Обессиленного и раненного, Ельчика-бельчика принесло в тихую протоку, затянуло под круглый лист кувшинки. Ельчик-бельчик возился под листом кувшинки, пробуя со спины опрокинуться на брюшко и плавать, как полагается всем здешним рыбам.
Любопытная трясогузка села на качающийся лист, заглянула в воду и застрекотала: «Рыбка! Рыбка! Раненый ельчик. Где его папа? Где его мама? Надо помогать ельчику! Надо помогать…» — «Как ему теперь поможешь?» — сказал задумчивый зимородок, сидевший на самом кончике ивового прутика. Зеленый, всегда нарядный, на елочную игрушку похожий, он нагнул прутик до самой воды, смотрел в нее, охотился на букашек и малявок, добывал пропитание детям. Ему было не до Ельчика-бельчика. Долговязый куличок-перевозчик, бегая по берегу, тонко причитал: «Тити-вити, тити-вити!» — что значило: «Помогите! Помогите!» Чайка-почекутиха, пролетая над протокой, покосилась и сказала: «Вот и помогите, раз вы такие добрые. Не то я его сьем и тут же задом выплюну — чтоб не вольничал».
Никто не мог и не хотел помочь Ельчику-бельчику. Спасайся сам, выздоравливай сам, раз не слушался маму с папой.
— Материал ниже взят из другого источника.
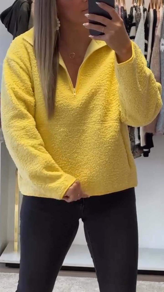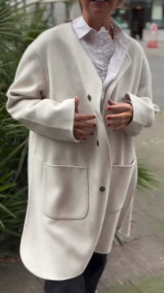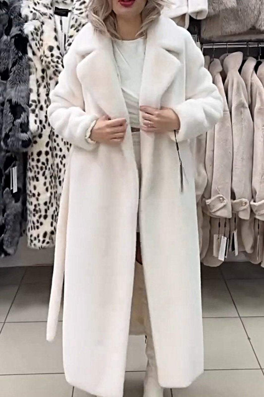 Cappotto casual da donna con risvolto e effetto increspato, in peluche bifacciale

Вечером на протоке открылась охота. Веселые беспощадные окуни бандой окружали и гоняли обезумевших малявок. Где-то в траве, меж коряжин, раз-другой плеснулась и кого-то поймала подкоряжница-щука. Проплывая веселой, жадной компанией мимо Ельчика-бельчика, хваткие, насытившиеся окуни притормозили, в философские рассуждения пустились: «Доходит парняга! А все отчего? Веселой жизни захотел!» И как таймени-разбойники во всю пасть — хо-хо-хо да ха-ха-ха! Подрастай, говорят, мы тебе объясним, что такое се-ля-ви… «Хо-хо-хо!.. Да он еще по-французски не волокет, робя! Научим! Объясним глыбокий смысл жизни»…
* * *
Уж солнце на закат ушло, уж все успокаивалось на протоке, когда из травы молча, незаметно выплыло, и не выплыло, а возникло что-то такое похожее на сучковатую корягу. У коряги было плоское рыло, широченный рот, носище с загибом, сапогом, тупым покатым лбом, змеиные, в упор пронзающие глаза и пестрое хвостатое тело. «Щука это, подкоряжница!» — догадался Ельчик-бельчик и понял, что теперь уж ему совсем конец пришел.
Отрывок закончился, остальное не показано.